使用krakenuniq分析数据命令参数说明
Usage: krakenuniq --report-file FILENAME [options] <filename(s)>
Options:
--db NAME Name for Kraken DB (default: none)
--threads NUM Number of threads (default: 1)
--fasta-input Input is FASTA format
--fastq-input Input is FASTQ format
--gzip-compressed Input is gzip compressed
--bzip2-compressed Input is bzip2 compressed
--hll-precision INT Precision for HyperLogLog k-mer cardinality estimation, between 10 and 18 (default: 12)
--exact Compute exact cardinality instead of estimate (slower, requires memory proportional to cardinality!)
--quick Quick operation (use first hit or hits)

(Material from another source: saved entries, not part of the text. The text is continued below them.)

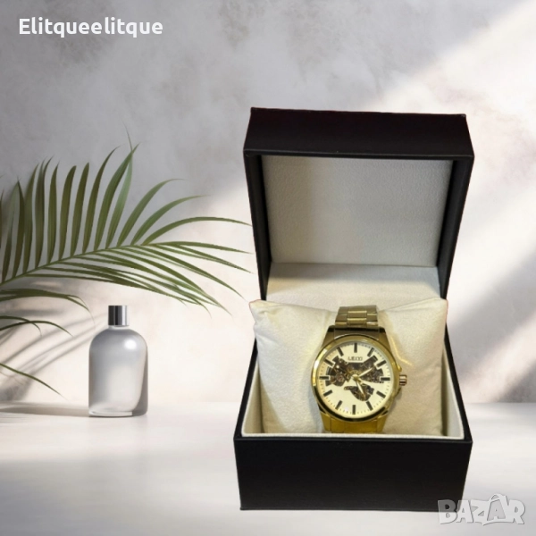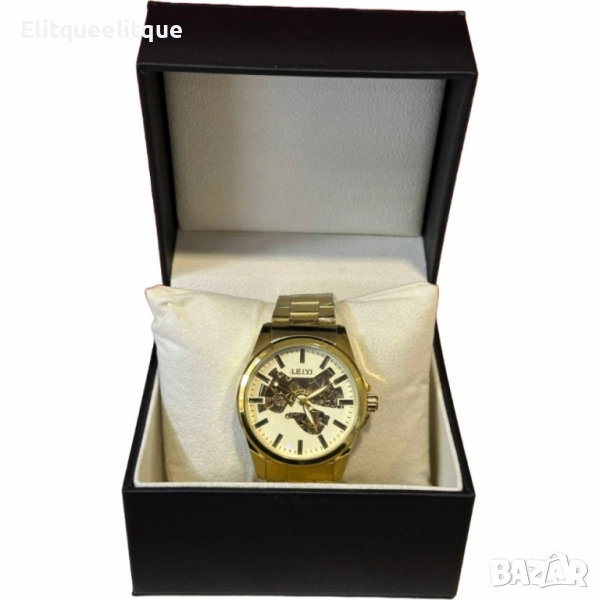 Марка: LEIYI; Механизъм: Механичен; Материал на корпуса: Неръждаема стомана (златисто покритие); Материал на стъклото: Закалено минерално стъкло; Водоустойчивост: Да (устойчив на пръски); Диаметър на корпуса: 44 мм; Дължина на верижката: Регулируема; Гаранция: 12 месеца.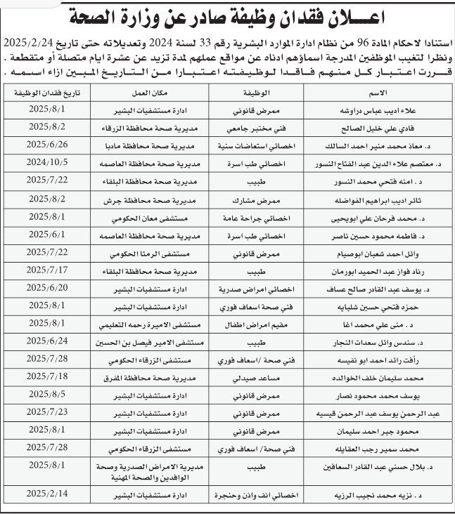 أعلنت وزارة الصحة، الاربعاء، عن فقدان عدد من الموظفين لوظائفهم، وذلك استناداً لأحكام المادة (96) من نظام إدارة الموارد البشرية رقم (33) لسنة 2024 وتعديلاته حتى تاريخ 24 فبراير 2025، وذلك بسبب التغيب غير المبرر عن مواقع العمل لمدة تزيد عن عشرة أيام، سواء كانت متصلة أو متقطعة.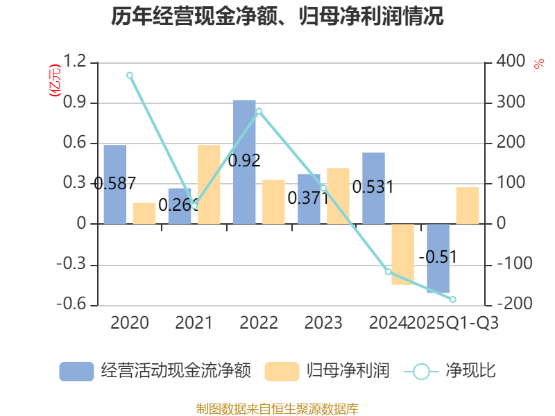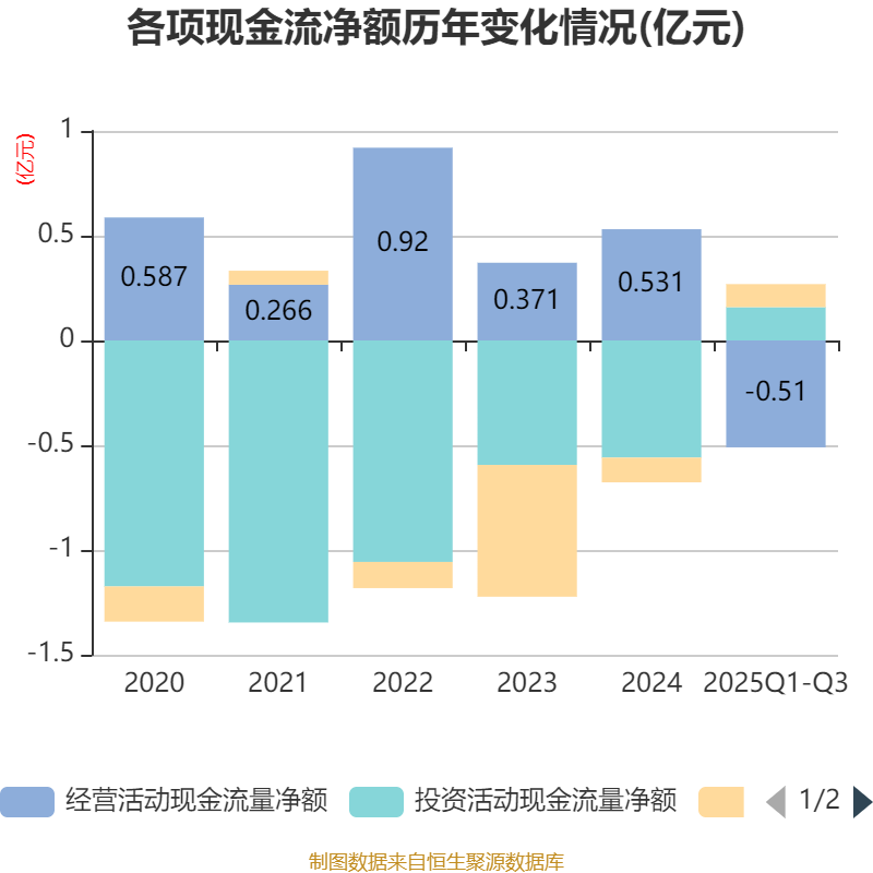 2025年前三季度,公司经营活动现金流净额为-5101.01万元,同比减少8830.02万元;筹资活动现金流净额1102.76万元,同比增加2228.91万元;投资活动现金流净额1590.01万元,上年同期为-5820.07万元。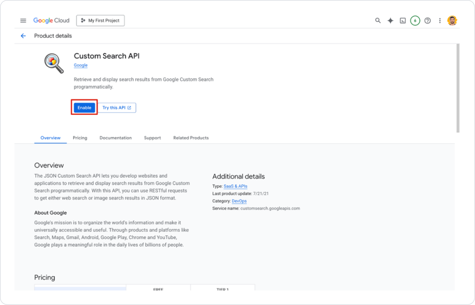 Returns a success message → Information about the Search Engine is returned. E.g.: The cx value used (Search Engine ID), domains allowed for search, configuration information.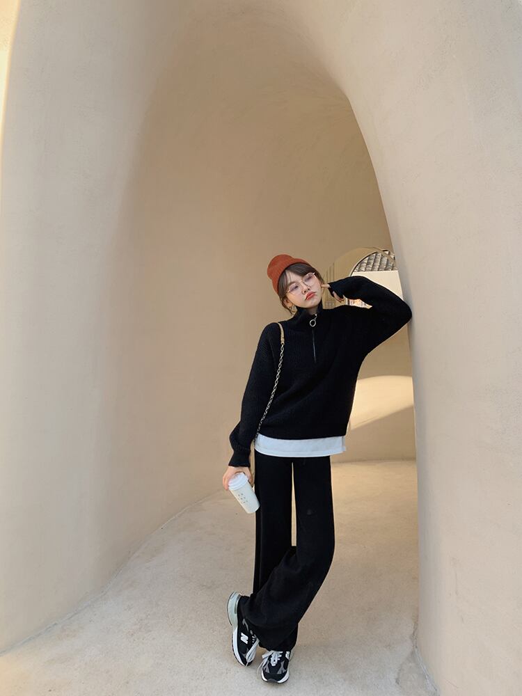 ミスシマリス【ロングレッグニットパンツ】パンツ女性は薄くてオールマッチのニットストレートレッグパンツカジュアルパンツパンツ missi90960357643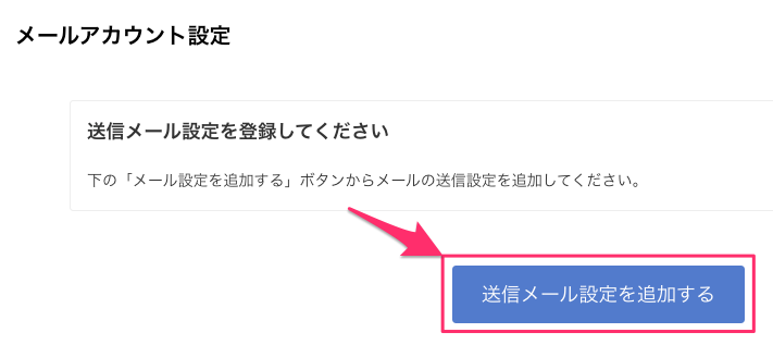 自社のメールアドレスからメールを送信する場合は、こちらのメールアカウント設定を行ってください。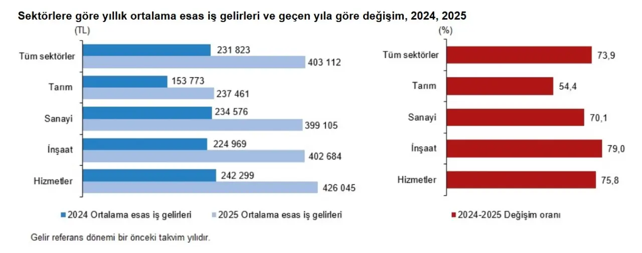 Sektörel bazda en yüksek ortalama gelir hizmet sektöründe, en düşük gelir ise tarım sektöründe gerçekleşti. Yıllık gelir artışında ise inşaat sektörü %79 ile ilk sırada yer aldı.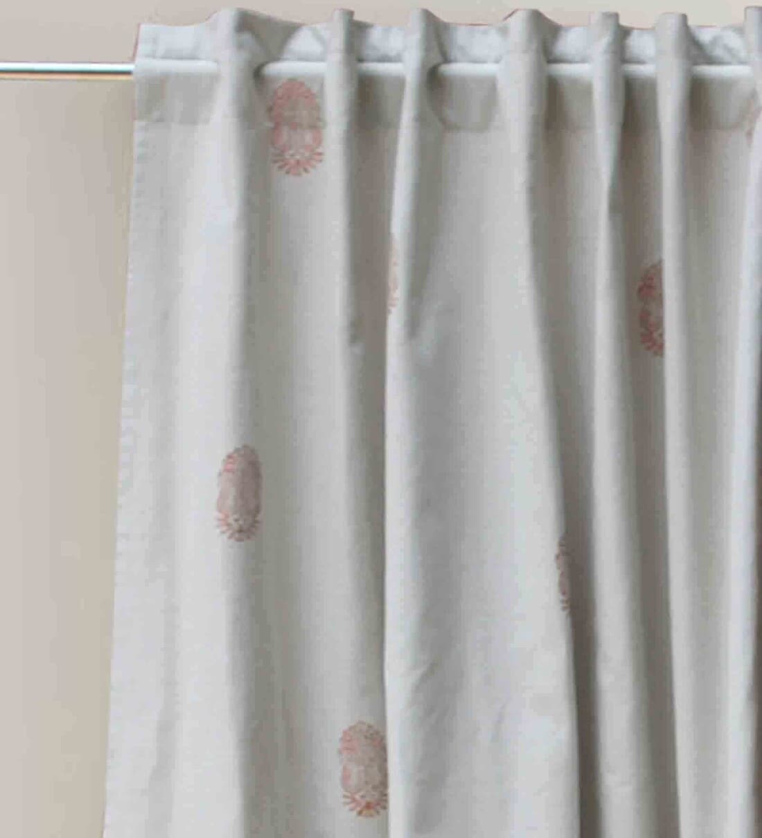 Block printed in Indian motif for your windows & doors. The rich handblocked design in bronze shade on a lt. green fabric displays a lavish look to any room. It can be paired with almost all upholstery colours. It is a thick curtain without lining & helps to block out the sunlight. The Curtain has hidden tab top for the pleats to fall properly. Seamlessly tailored for quality & durability.

--min-hits NUM In quick op., number of hits req'd for classification
NOTE: this is ignored if --quick is not specified
--unclassified-out FILENAME
Print unclassified sequences to filename
--classified-out FILENAME
Print classified sequences to filename
--output FILENAME Print output to filename (default: stdout); "off" will
suppress normal output
--only-classified-output
Print no Kraken output for unclassified sequences
--preload Loads DB into memory before classification
--paired The two filenames provided are paired-end reads
--check-names Ensure each pair of reads have names that agree
with each other; ignored if --paired is not specified
--help Print this message
--version Print version information
Experimental:
--uid-mapping Map using UID database
If none of the *-input or *-compressed flags are specified, and the
file is a regular file, automatic format detection is attempted.